BMC Anesthesiol 2019 Nov 7;19(1):204. Epub 2019 Nov 7.
Department of Anesthesiology and Operative Intensive Care Medicine (CCM, CVK), Charité - Universitätsmedizin Berlin, corporate member of Freie Universität Berlin, Humboldt-Universität zu Berlin, and Berlin Institute of Health, Charitéplatz 1, D-10117, Berlin, Germany.
Background: Frailty is a frequent and underdiagnosed functional syndrome involving reduced physiological reserves and an increased vulnerability against stressors, with severe individual and socioeconomic consequences. A routine frailty assessment was implemented at our preoperative anaesthesia clinic to identify patients at risk.
Objective: This study examines the relationship between frailty status and the incidence of in-hospital postoperative complications in elderly surgical patients across several surgical disciplines.
Design: Retrospective observational analysis.
Setting: Single center, major tertiary care university hospital. Data collection took place between June 2016 and March 2017.
Patients: Patients 65 years old or older were evaluated for frailty using Fried's 5-point frailty assessment prior to elective non-cardiac surgery. Patients were classified into non-frail (0 criteria, reference group), pre-frail (1-2 positive criteria) and frail (3-5 positive criteria) groups.
Main Outcome Measures: The incidence of postoperative complications was assessed until discharge from the hospital, using the roster from the National VA Surgical Quality Improvement Program. Propensity score matching and logistic regression analysis were performed.
Results: From 1186 elderly patients, 46.9% were classified as pre-frail (n = 556), and 11.4% as frail (n = 135). The rate of complications were significantly higher in the pre-frail (34.7%) and frail groups (47.4%), as compared to the non-frail group (27.5%). Similarly, length of stay (non-frail: 5.0 [3.0;7.0], pre-frail: 7.0 [3.0;9.0], frail 8.0 [4.5;12.0]; p < 0.001) and discharges to care facilities (non-frail:1.6%, pre-frail: 7.4%, frail: 17.8%); p < 0.001) were significantly associated with frailty status. After propensity score matching and logistic regression analysis, the risk for developing postoperative complications was approximately two-fold for pre-frail (OR 1.78; 95% CI 1.04-3.05) and frail (OR 2.08; 95% CI 1.21-3.60) patients.
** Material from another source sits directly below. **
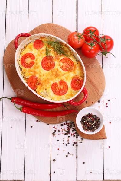 Блюдо из кабачков, запеченных с помидорами и сыром
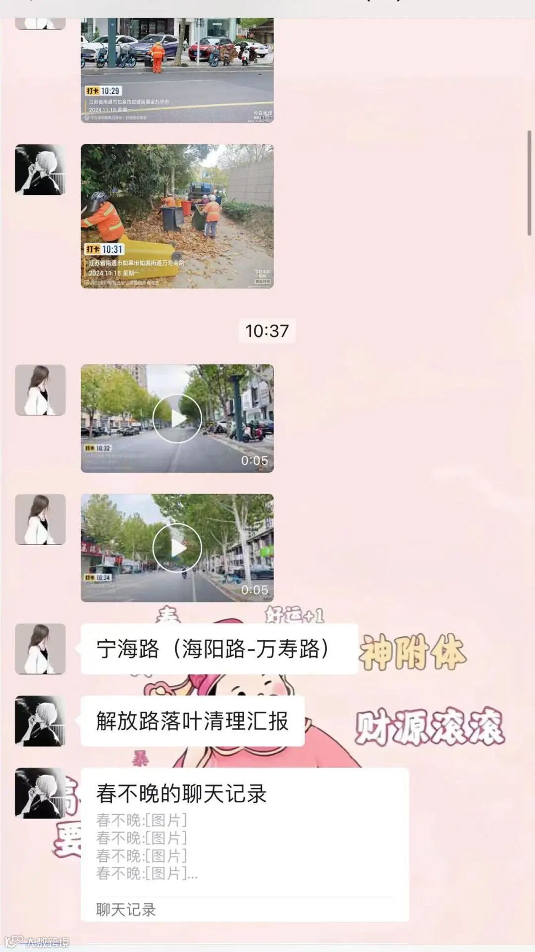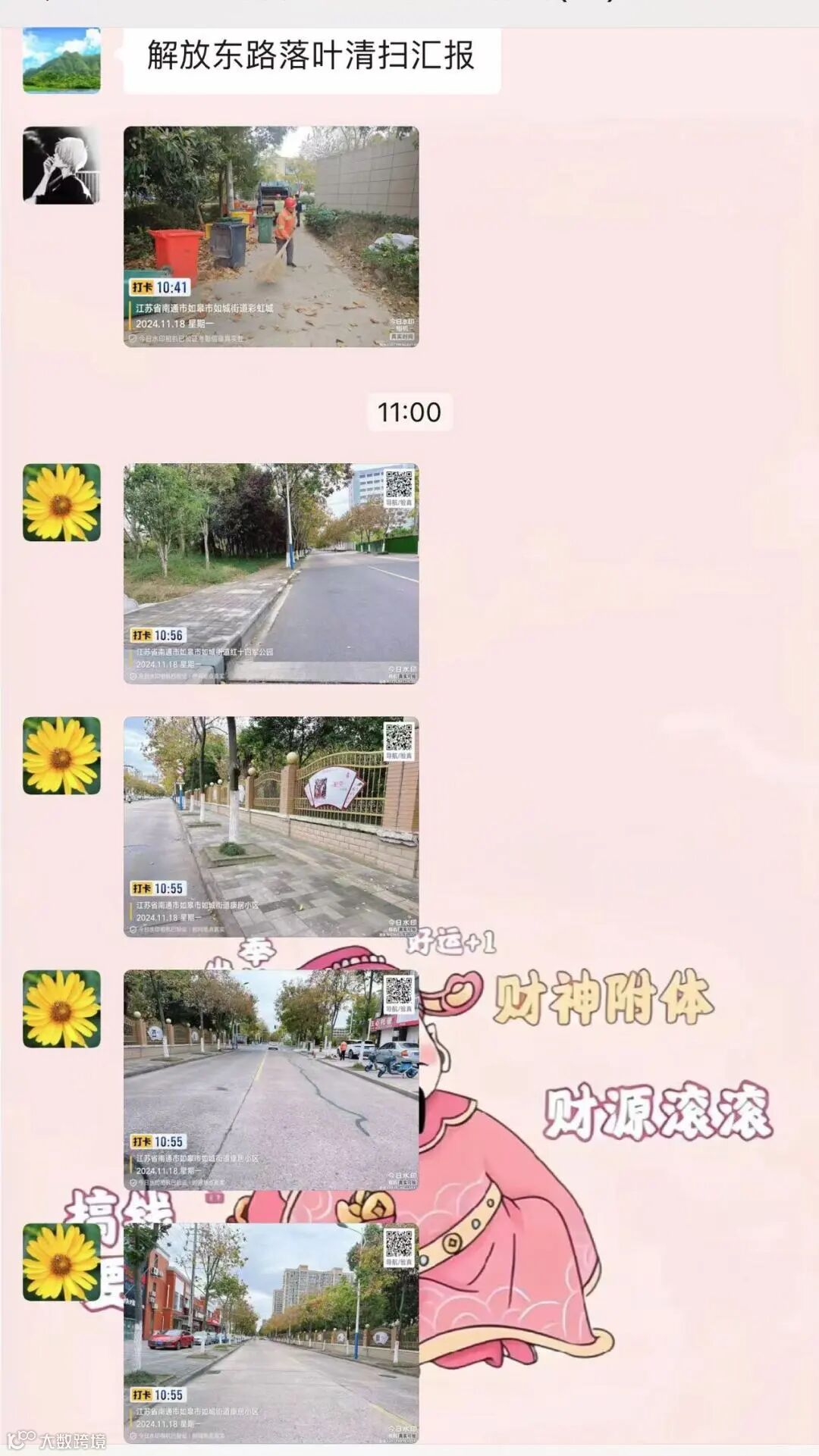 群内随时汇报落叶清理情况

Conclusions: The preoperative frailty assessment of elderly patients identified pre-frail and frail subgroups to have the highest rate of postoperative complications, regardless of age, surgical discipline, and surgical risk. Significantly increased length of hospitalisation and discharges to care facilities were also observed. Implementation of routine frailty assessments appear to be an effective tool in identifying patients with increased risk. Now future studies are needed to investigate whether patients benefit from optimization of patient counselling, process planning, and risk reduction protocols based on the application of risk stratification.